I’m pushed as my eyes fly open and I move toward his light. I hear the shuffle of the old lady who was in front of me in line, but I can’t see her. I can only see Miles, glowing from behind the counter. Sweat begins to gather on my forehead and above my lip. He has the medication now. Tonight he’s going to kill himself.
Invisible vines try pulling me forward, but I hold my spot in line, not wanting to draw attention.
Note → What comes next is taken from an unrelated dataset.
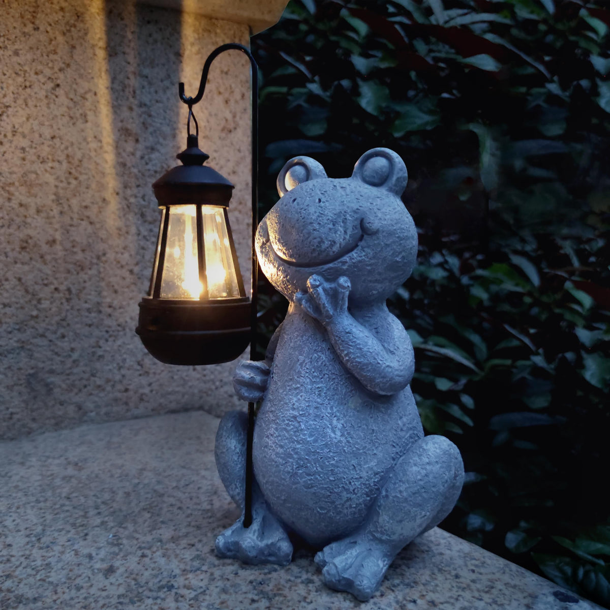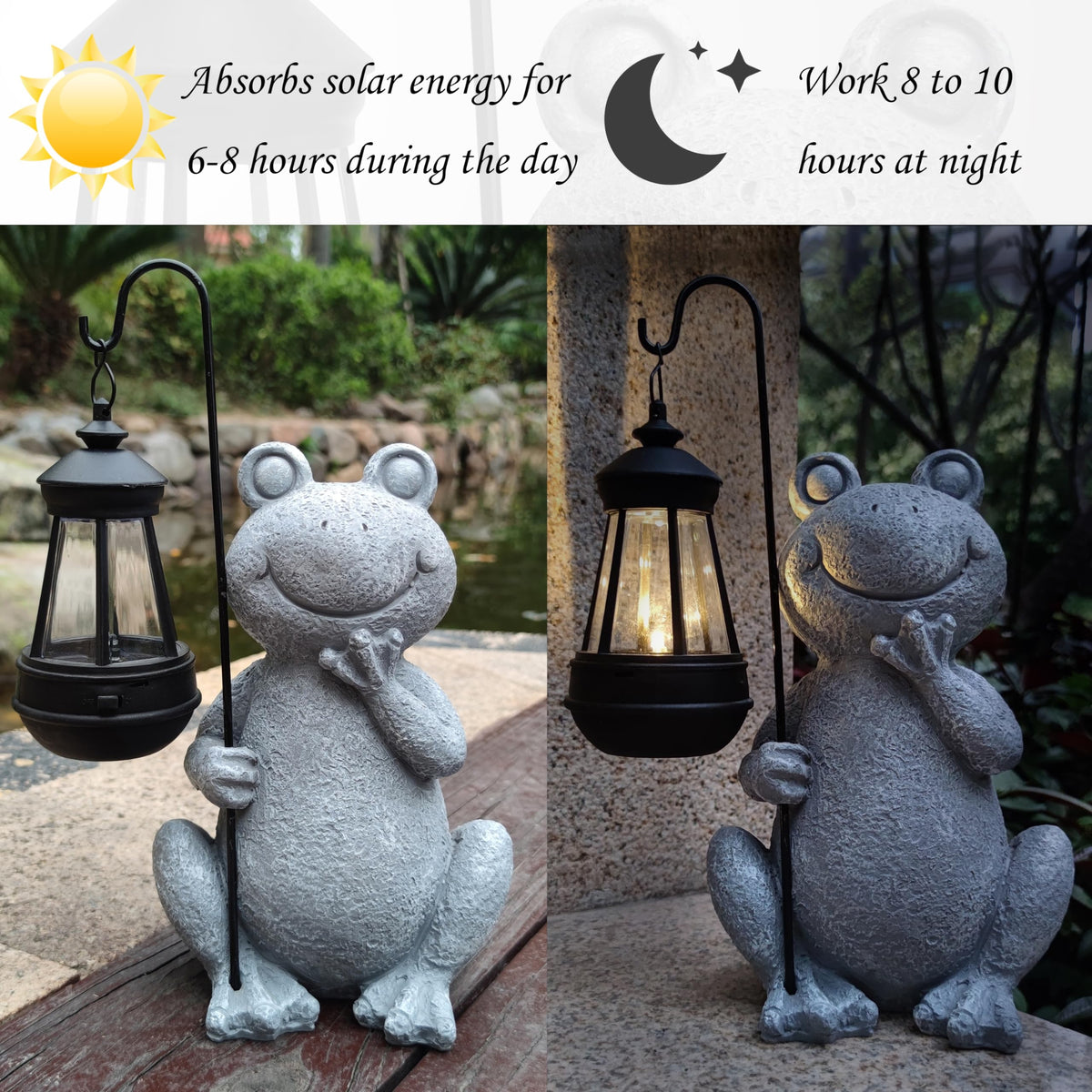 Q: How does the solar charging feature work on this frog garden statue?A: The solar panel charges during the day and automatically lights up at night. Once the switch is pressed, ensure the solar panel receives direct sunlight to fully charge, typically within 6-8 hours.

Behind the counter, Miles’s light pulsates. If I don’t stop him he’ll be dead by the end of the night.
The woman in front of me turns around and asks if I’m okay and it takes all of my concentration to tell her in a nearly normal voice that I am. But when she looks away, I cover my face with my hands. I don’t want this. Every Need makes me worse—brings me closer to disappearing forever.
Miles calls for the next person in line and the woman shuffles ahead. They talk as his fingers click on the computer, but their voices sound far away. Behind my eyes I can see Miles. How he’ll gag from the pills. How he’ll mix them with alcohol for a lethal combination. And how he’ll lie crying on his bed, twisting in agony before he dies.
“Next.”
I hear it but I don’t move. I almost can’t. But the Need is there, forcing me to do this. I gasp and step forward, keeping my eyes toward the ground.
“How can I help you?” Miles asks, but his tone is cautious. I wonder if I look like an addict. With incredible effort I lift my gaze and stare at him, his light.
“Don’t do it,” I murmur. A new pain burns into my back and I wonder if the skin there is peeling off. It makes me whimper.
“Excuse me?” Miles says. “Look, do I need to call the cops?”
Cops? My fists ball up and I feel angry. The Need puts me in these situations, makes me do these things. I’m not a drug addict and I’m not the one planning to kill myself tonight. So he can save his judgments for somebody else. Somebody who’s not melting away because she has to help him.
I lean in, my mouth tight. “I know what you’re planning to do, Miles. I know about you and Gillian. And about the pills you have stuffed in your pocket.”
And suddenly, unlike my usual Needs, who move away, staring and freaking out, Miles reaches to grab my arm and pulls me toward him. He twists my wrist at an odd angle and I fear he’s going to snap it as he hisses in my ear.
“Was it you? Are you the one who told my wife?”
“Let go,” I say, my head swimming, trying to find the words that’ll get through to him. “You need help.”
He drops my hand and steps back from me. His features are tense, scared. “Get out of here,” he says. But nothing has changed and I know I can’t leave yet.
“Please,” I start to say, when a new person walks into my line of sight. She’s illuminated slightly, just enough so that I can see her. The redhead from my vision. She’s working in between the rows of pills, a clipboard in her hand. She glances at me and I gape at her in surprise.